Data extracts ->
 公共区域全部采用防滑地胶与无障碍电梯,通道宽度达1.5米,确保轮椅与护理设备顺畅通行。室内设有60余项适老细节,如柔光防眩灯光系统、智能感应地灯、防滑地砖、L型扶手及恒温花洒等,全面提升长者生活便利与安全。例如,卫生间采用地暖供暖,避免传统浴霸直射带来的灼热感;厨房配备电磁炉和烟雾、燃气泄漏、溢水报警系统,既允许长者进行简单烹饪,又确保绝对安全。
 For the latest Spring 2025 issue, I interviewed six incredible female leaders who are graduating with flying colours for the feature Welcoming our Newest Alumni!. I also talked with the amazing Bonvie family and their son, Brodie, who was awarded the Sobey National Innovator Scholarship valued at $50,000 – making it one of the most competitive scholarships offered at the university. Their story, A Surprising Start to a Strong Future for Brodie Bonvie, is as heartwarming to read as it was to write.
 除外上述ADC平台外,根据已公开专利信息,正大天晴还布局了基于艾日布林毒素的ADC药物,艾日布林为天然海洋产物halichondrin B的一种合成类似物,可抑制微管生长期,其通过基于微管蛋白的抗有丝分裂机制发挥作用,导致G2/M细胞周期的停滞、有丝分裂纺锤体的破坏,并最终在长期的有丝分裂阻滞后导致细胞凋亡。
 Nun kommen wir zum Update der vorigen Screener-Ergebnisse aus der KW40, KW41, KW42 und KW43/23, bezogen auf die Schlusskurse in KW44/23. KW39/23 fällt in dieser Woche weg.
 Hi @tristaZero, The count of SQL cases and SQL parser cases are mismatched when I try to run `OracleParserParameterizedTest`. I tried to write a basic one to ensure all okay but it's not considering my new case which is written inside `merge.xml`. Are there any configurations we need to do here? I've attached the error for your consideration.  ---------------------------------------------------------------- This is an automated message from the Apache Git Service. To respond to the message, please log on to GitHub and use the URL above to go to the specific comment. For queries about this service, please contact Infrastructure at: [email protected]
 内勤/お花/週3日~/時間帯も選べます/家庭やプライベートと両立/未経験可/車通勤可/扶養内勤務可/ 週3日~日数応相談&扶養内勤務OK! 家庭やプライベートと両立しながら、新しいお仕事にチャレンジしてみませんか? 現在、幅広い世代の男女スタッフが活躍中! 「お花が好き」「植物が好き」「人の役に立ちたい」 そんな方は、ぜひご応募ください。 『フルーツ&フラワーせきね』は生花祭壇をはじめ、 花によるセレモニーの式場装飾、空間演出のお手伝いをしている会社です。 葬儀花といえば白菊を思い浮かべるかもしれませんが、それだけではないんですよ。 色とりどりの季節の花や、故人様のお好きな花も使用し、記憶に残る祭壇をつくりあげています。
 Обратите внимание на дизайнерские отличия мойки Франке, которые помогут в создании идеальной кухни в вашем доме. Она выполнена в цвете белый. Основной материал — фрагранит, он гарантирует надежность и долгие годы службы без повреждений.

What to produce -> Each record shown above must be reproduced exactly.

Answer space ->
 公共区域全部采用防滑地胶与无障碍电梯,通道宽度达1.5米,确保轮椅与护理设备顺畅通行。室内设有60余项适老细节,如柔光防眩灯光系统、智能感应地灯、防滑地砖、L型扶手及恒温花洒等,全面提升长者生活便利与安全。例如,卫生间采用地暖供暖,避免传统浴霸直射带来的灼热感;厨房配备电磁炉和烟雾、燃气泄漏、溢水报警系统,既允许长者进行简单烹饪,又确保绝对安全。
 For the latest Spring 2025 issue, I interviewed six incredible female leaders who are graduating with flying colours for the feature Welcoming our Newest Alumni!. I also talked with the amazing Bonvie family and their son, Brodie, who was awarded the Sobey National Innovator Scholarship valued at $50,000 – making it one of the most competitive scholarships offered at the university. Their story, A Surprising Start to a Strong Future for Brodie Bonvie, is as heartwarming to read as it was to write.
 除外上述ADC平台外,根据已公开专利信息,正大天晴还布局了基于艾日布林毒素的ADC药物,艾日布林为天然海洋产物halichondrin B的一种合成类似物,可抑制微管生长期,其通过基于微管蛋白的抗有丝分裂机制发挥作用,导致G2/M细胞周期的停滞、有丝分裂纺锤体的破坏,并最终在长期的有丝分裂阻滞后导致细胞凋亡。
 Nun kommen wir zum Update der vorigen Screener-Ergebnisse aus der KW40, KW41, KW42 und KW43/23, bezogen auf die Schlusskurse in KW44/23. KW39/23 fällt in dieser Woche weg.
 Hi @tristaZero, The count of SQL cases and SQL parser cases are mismatched when I try to run `OracleParserParameterizedTest`. I tried to write a basic one to ensure all okay but it's not considering my new case which is written inside `merge.xml`. Are there any configurations we need to do here? I've attached the error for your consideration.  ---------------------------------------------------------------- This is an automated message from the Apache Git Service. To respond to the message, please log on to GitHub and use the URL above to go to the specific comment. For queries about this service, please contact Infrastructure at: [email protected]
 内勤/お花/週3日~/時間帯も選べます/家庭やプライベートと両立/未経験可/車通勤可/扶養内勤務可/ 週3日~日数応相談&扶養内勤務OK! 家庭やプライベートと両立しながら、新しいお仕事にチャレンジしてみませんか? 現在、幅広い世代の男女スタッフが活躍中! 「お花が好き」「植物が好き」「人の役に立ちたい」 そんな方は、ぜひご応募ください。 『フルーツ&フラワーせきね』は生花祭壇をはじめ、 花によるセレモニーの式場装飾、空間演出のお手伝いをしている会社です。 葬儀花といえば白菊を思い浮かべるかもしれませんが、それだけではないんですよ。 色とりどりの季節の花や、故人様のお好きな花も使用し、記憶に残る祭壇をつくりあげています。
 Обратите внимание на дизайнерские отличия мойки Франке, которые помогут в создании идеальной кухни в вашем доме. Она выполнена в цвете белый. Основной материал — фрагранит, он гарантирует надежность и долгие годы службы без повреждений.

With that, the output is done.